Add ignored field values to synthetic source #107567

kkrik-es · 2024-04-17T14:02:06Z

This change introduces IgnoredSourceFieldMapper to track ignored field names and values, and extends ObjectMapper to access these while constructing synthetic source.

IgnoredSourceFieldMapper relies on the generic logic for parsing and writing various supported tokens. This logic is moved to XContentDataHelper to be properly shared with IgnoreMalformedStoredValues.

Related to #106825

elasticsearchmachine · 2024-04-17T14:02:52Z

Hi @kkrik-es, I've created a changelog YAML for you.

…o fix/synthetic-source/object

elasticsearchmachine · 2024-04-18T10:42:24Z

Pinging @elastic/es-storage-engine (Team:StorageEngine)

lkts

Overall LGTM, i have left some suggestions. One note i have is that it feels kind of incidental that IgnoredValuesFieldMapper is actually a mapper. I wonder if we can implement it as some kind of helper instead and it would be simpler. I don't have a good suggestion here though.

...pi-spec/src/yamlRestTest/resources/rest-api-spec/test/indices.create/20_synthetic_source.yml

server/src/main/java/org/elasticsearch/index/mapper/FieldDataParseHelper.java

server/src/main/java/org/elasticsearch/index/mapper/IgnoredValuesFieldMapper.java

# Conflicts: # server/src/main/java/module-info.java # server/src/main/resources/META-INF/services/org.elasticsearch.features.FeatureSpecification

martijnvg · 2024-04-23T09:34:17Z

server/src/main/java/org/elasticsearch/index/mapper/DocumentParserContext.java

@@ -345,6 +364,17 @@ public final boolean addDynamicMapper(Mapper mapper) {
            int additionalFieldsToAdd = getNewFieldsSize() + mapperSize;
            if (indexSettings().isIgnoreDynamicFieldsBeyondLimit()) {
                if (mappingLookup.exceedsLimit(indexSettings().getMappingTotalFieldsLimit(), additionalFieldsToAdd)) {
+                    if (indexSettings().getMode().isSyntheticSourceEnabled() || SourceFieldMapper.isSynthetic(mappingLookup)) {


Is the idea to only apply ignored values for when maximum number of fields have been exceeded in this pr? Or also doing this for when for example object field has been disabled?

I'd say we add more cases incrementally, to keep this one short.

martijnvg · 2024-04-23T09:35:56Z

server/src/main/java/org/elasticsearch/index/mapper/SourceFieldMapper.java

@@ -96,6 +96,14 @@ private static SourceFieldMapper toType(FieldMapper in) {
        return (SourceFieldMapper) in;
    }

+    public static boolean isSynthetic(MappingLookup mappingLookup) {


I don't think this is needed?
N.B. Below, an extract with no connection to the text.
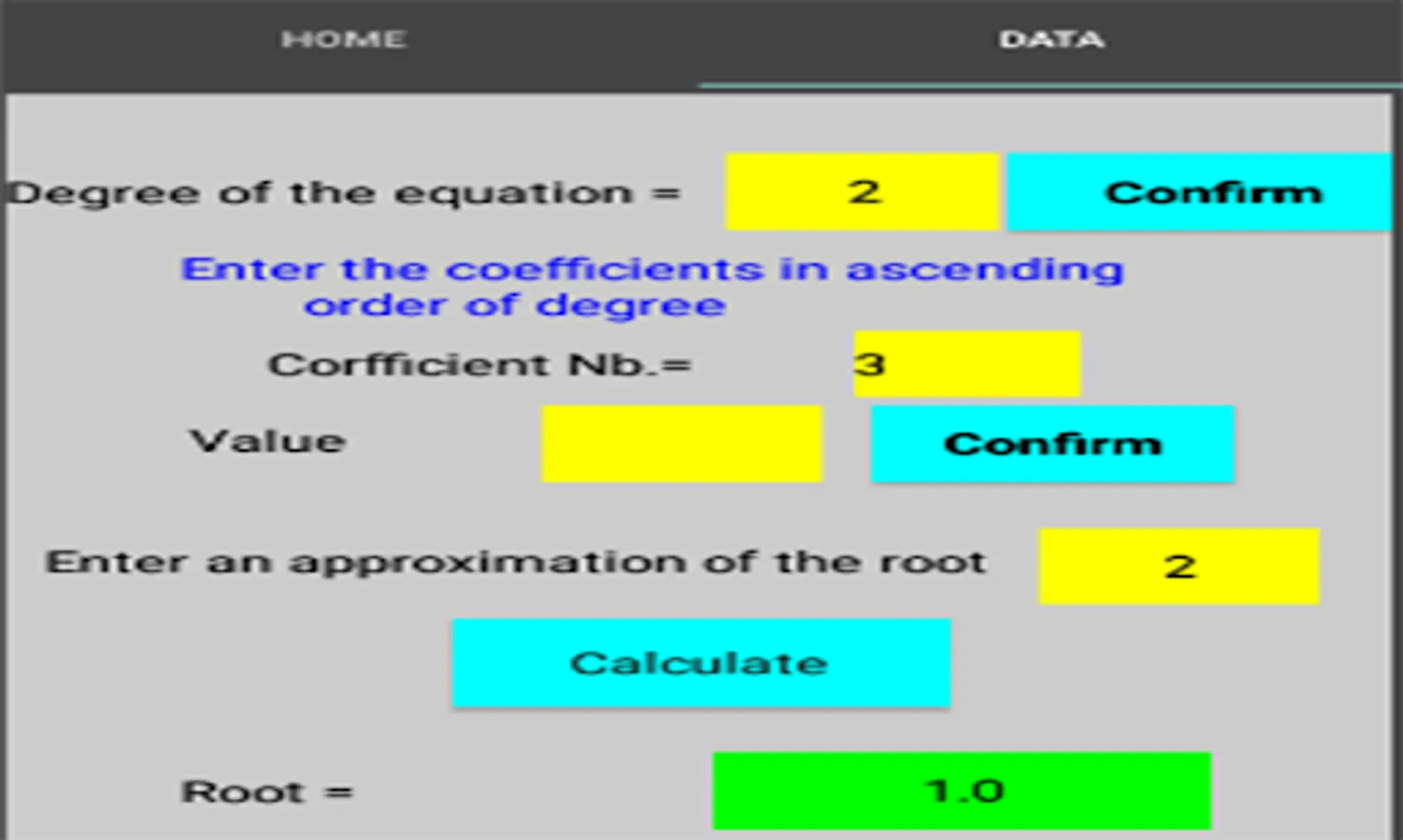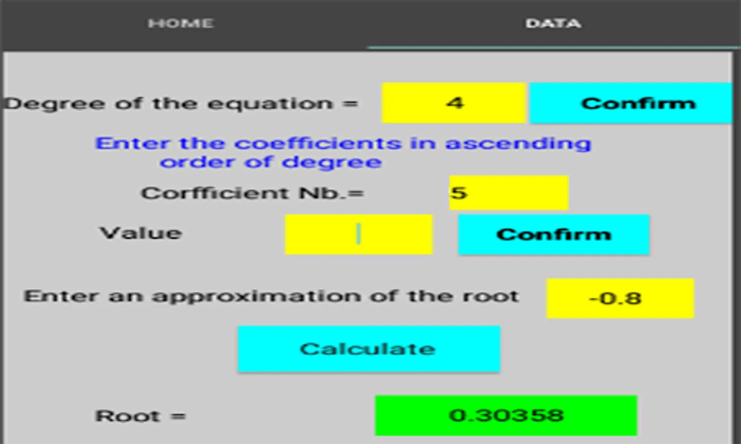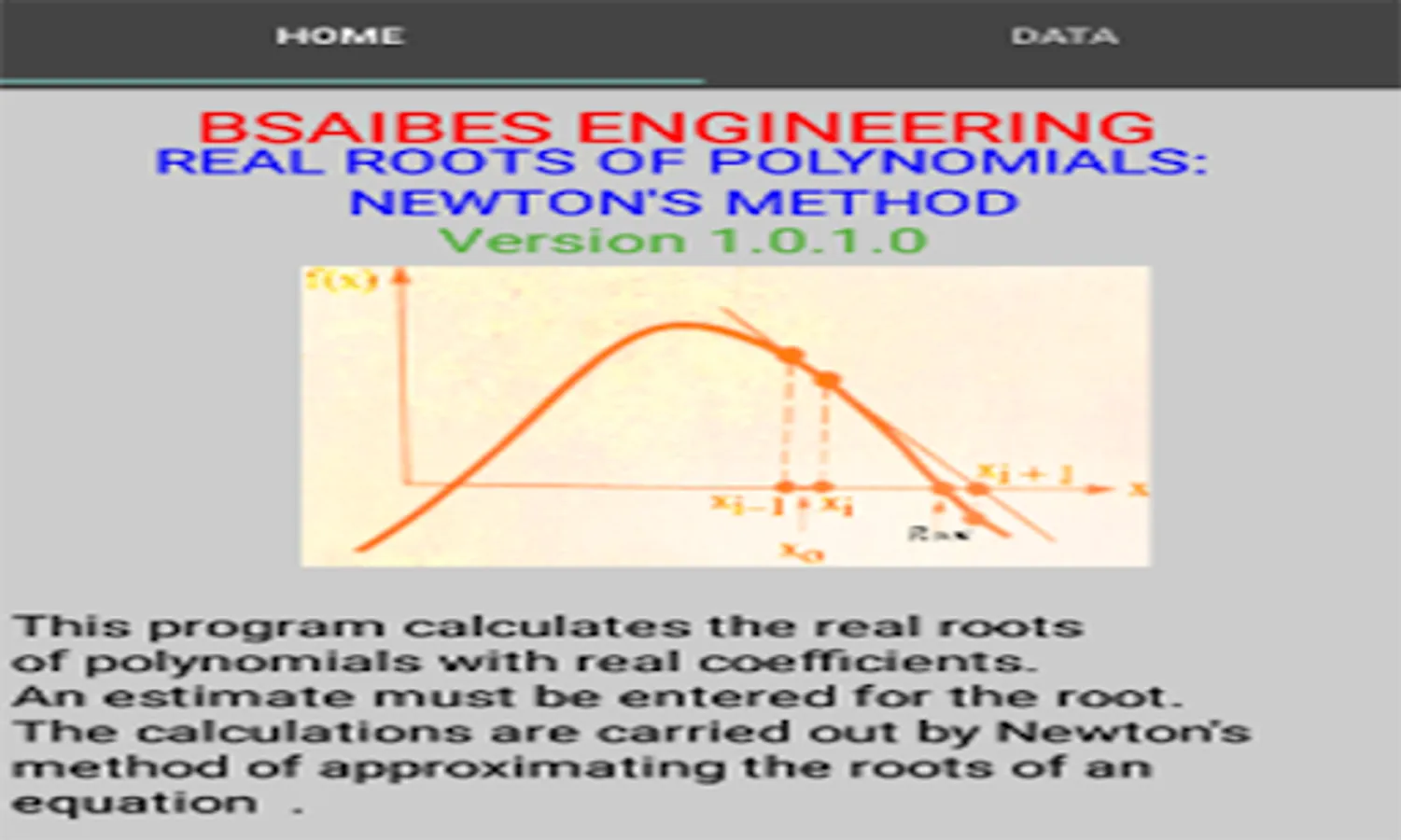 An estimate must be entered for the root. The calculations are carried out by Newton's method of approximating the roots of an equation .

I think mappingLookup.isSourceSynthetic() can used instead?

server/src/test/java/org/elasticsearch/index/mapper/DocCountFieldMapperTests.java

server/src/main/java/org/elasticsearch/index/mapper/IgnoredValuesFieldMapper.java

server/src/main/java/org/elasticsearch/index/mapper/FieldDataParseHelper.java

kkrik-es · 2024-04-23T10:26:48Z

server/src/main/java/org/elasticsearch/index/mapper/DocumentParserContext.java

+                                new IgnoredValuesFieldMapper.Values(mapper.name(), parentOffset, FieldDataParseHelper.encodeToken(parser()))
+                            );
+                        } catch (IOException e) {
+                            throw new IllegalArgumentException("failed to parse field [" + mapper.name() + " ]", e);


Switched to throwing an exception here, fyi.
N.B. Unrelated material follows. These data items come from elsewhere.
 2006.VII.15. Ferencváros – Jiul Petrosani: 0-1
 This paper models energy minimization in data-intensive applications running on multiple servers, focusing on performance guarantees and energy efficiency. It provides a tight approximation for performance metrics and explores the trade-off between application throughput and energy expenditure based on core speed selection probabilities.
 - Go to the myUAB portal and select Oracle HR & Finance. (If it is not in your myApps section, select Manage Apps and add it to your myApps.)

server/src/main/java/org/elasticsearch/index/mapper/IgnoredValuesFieldMapper.java

server/src/test/java/org/elasticsearch/index/mapper/DocCountFieldMapperTests.java

server/src/main/java/org/elasticsearch/index/mapper/IgnoredValuesFieldMapper.java

martijnvg · 2024-04-25T08:13:51Z

server/src/main/java/org/elasticsearch/index/mapper/IgnoredValuesFieldMapper.java

+
+    @Override
+    public void postParse(DocumentParserContext context) {
+        for (Values values : context.getIgnoredFieldValues()) {


maybe add an assert here that check that if synthetic source is disabled then there are no ignored field values?
Something like context.mappingLookup().isSourceSynthetic() || (context.mappingLookup().isSourceSynthetic() == false && context.getIgnoredFieldValues().isEmpty())
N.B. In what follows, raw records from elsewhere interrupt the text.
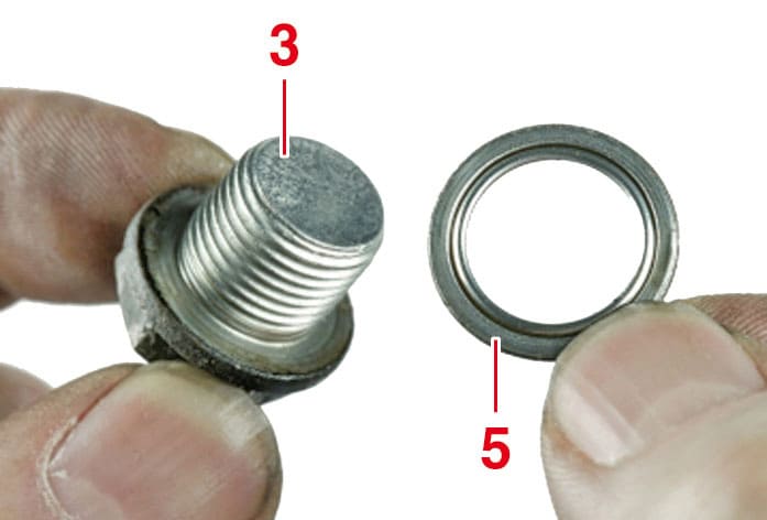 - Remplacez le joint (5) du bouchon de vidange (3) (Fig.5).
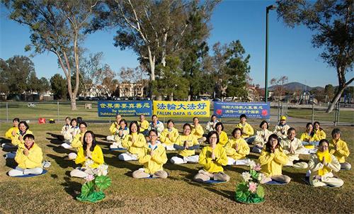 ![]() 图1~2:在二零二一年新年来临之际,圣地亚哥部份法轮大法弟子在米拉梅萨炼功点向师父恭祝新年。 |
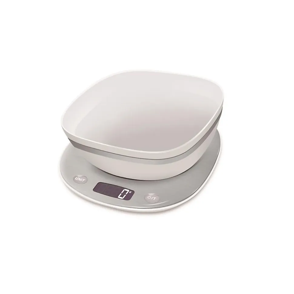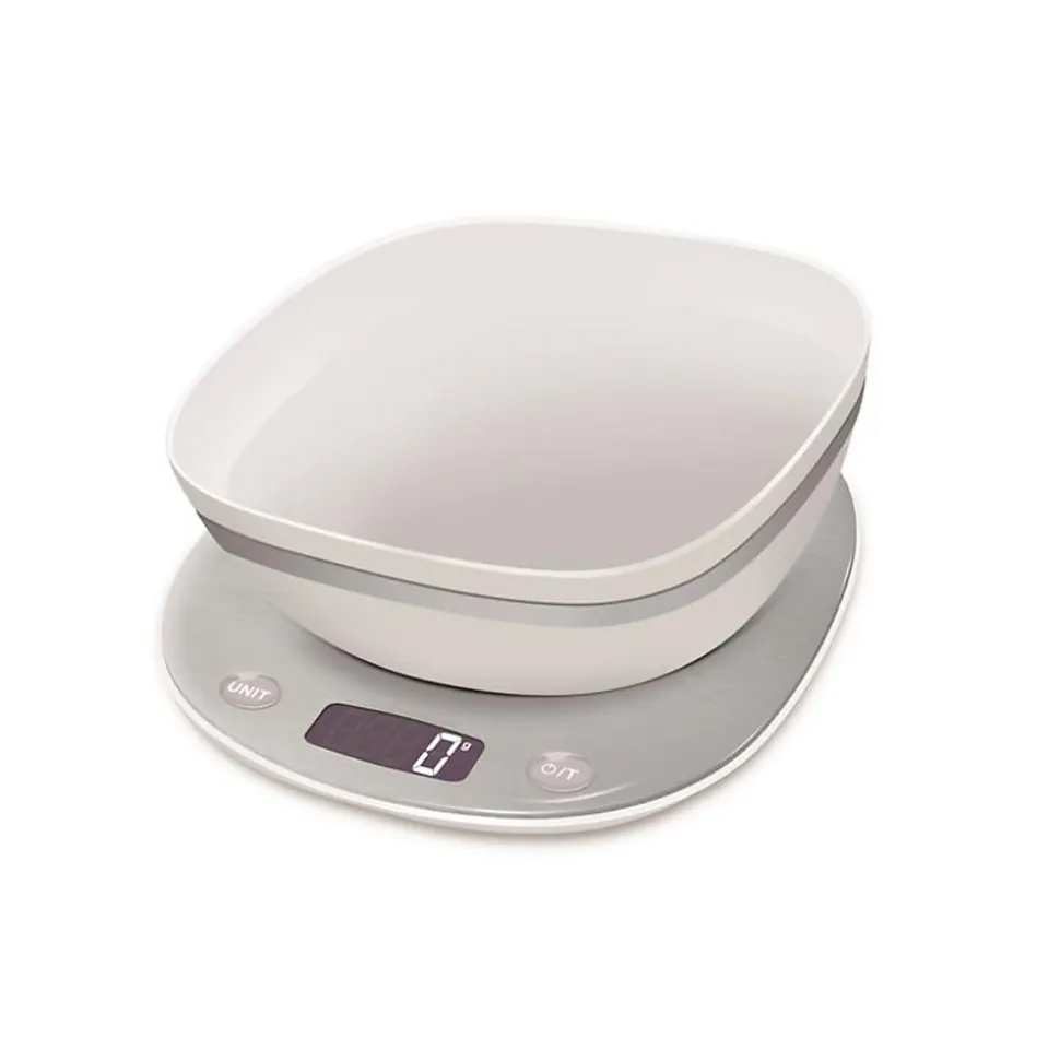 Balance 5 kg + bol – MACARON GLACEE BOL (15254) – Pour que la cuisine soit toujours un plaisir – Découvrez la graduation dynamique pour ajuster au plus près vos recettes : Pèse à 0,5 g près jusqu’à 1 kg et à 1 g de 1 à 5 kg – Très pratique, sa fonction Auto-off vous permettra de personnaliser le temps d’allumage de votre balance (Eco, Normal ou Long) – Elle possède un grand écran (LCD 51 x 22 cm), une mise à zéro automatique après chaque pesée, une fonction de conversion g/ml et un arrêt automatique – Plateau finition glossy – Fonctionne avec 2 piles AAA non incluses – Coloris inox & blanc – Garantie 2 ans.

martijnvg · 2024-04-25T08:15:21Z

server/src/main/java/org/elasticsearch/index/mapper/IgnoredValuesFieldMapper.java

+ * This overlaps with {@link IgnoredFieldMapper} that tracks just the ignored field names. It's worth evaluating
+ * if we can replace it for all use cases to avoid duplication, assuming that the storage tradeoff is favorable.
+ */
+public class IgnoredValuesFieldMapper extends MetadataFieldMapper {


Given that the purpose of the class is to store field values that would be ignored if synthetic source is enabled, maybe IgnoredSyntheticSourceValues is a better name?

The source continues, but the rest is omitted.